Em 1999, o PT reitera seu voto contrário à taxação dos inativos, por meio de
sete deputados, entre os quais o hoje
ministro José Dirceu e o próprio Marcelo Déda. Por que então querem nos punir? Por seguir a linha do partido?
Reitero: estou sendo vítima de uma
inquisição odienta, pois nada inventei,
nem mesmo disse aleivosias contra o
presidente. Só divulguei uma fita, já pública em meu Estado, que explicitava,
nas palavras de Lula, as suas posições de
então. Não estou contra a tradição petista nem contra o programa do partido.

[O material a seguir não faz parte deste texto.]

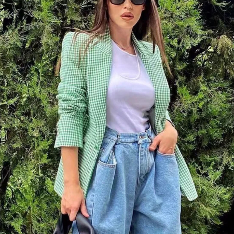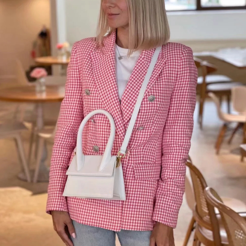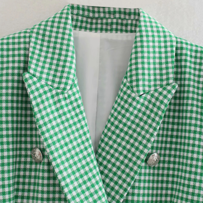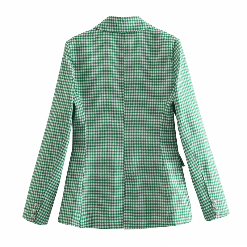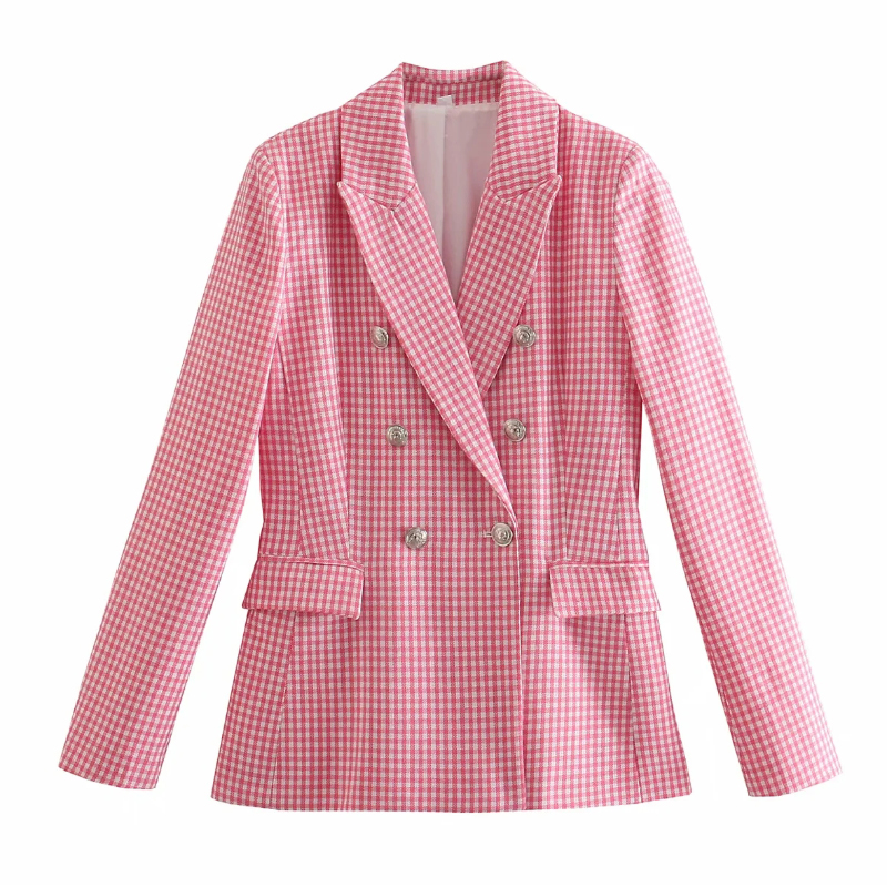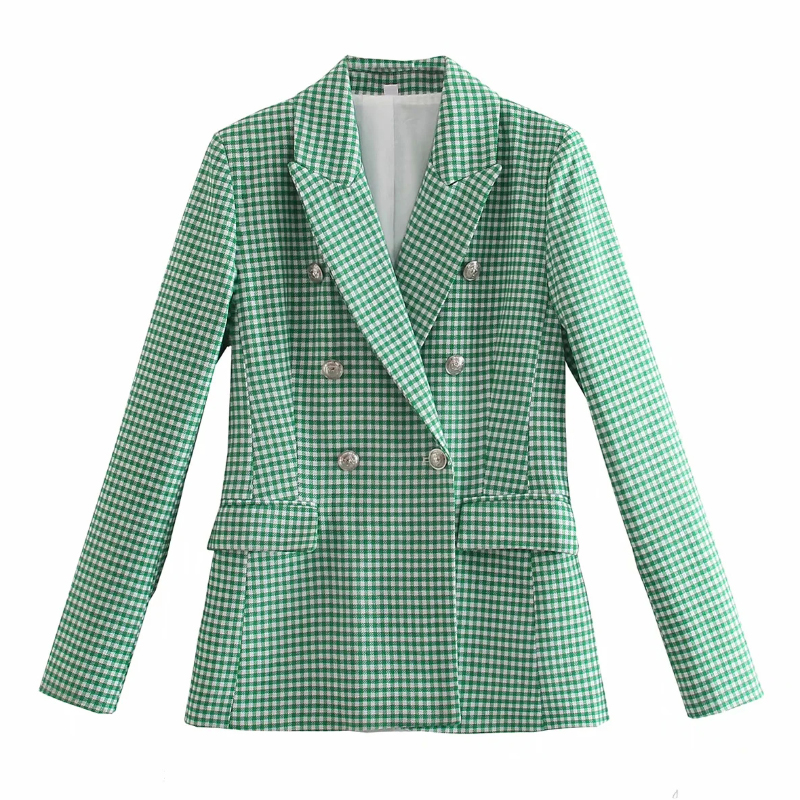 Women Vintage Plaid Tweed Blazers Autumn Elegant Double Breasted Long Sleeve Jacket Coats Female Office Wear Blazer Suit #1167

Se alguém mudou, foi a sua alta direção
-que até tem o direito de o fazer, mas,
para isso, deveria ter promovido uma
ampla discussão que envolvesse todas
as instâncias partidárias.
Estranhamente, eu e companheiros
valorosos do PT estamos sendo levados
à fogueira da nova inquisição, enquanto
cristãos-novos, neopetistas de ocasião,
que nem chegaram a abjurar seus passados conservadores e fisiológicos, tais
como José Sarney, Roberto Jéferson
etc., encontram-se nos braços do novo
credo. Mas, para minha consternação,
quem mudou não foram eles, foram os
inquisidores de agora.
João Fontes de Faria Fernandes, 45, advogado, é deputado federal pelo PT-SE.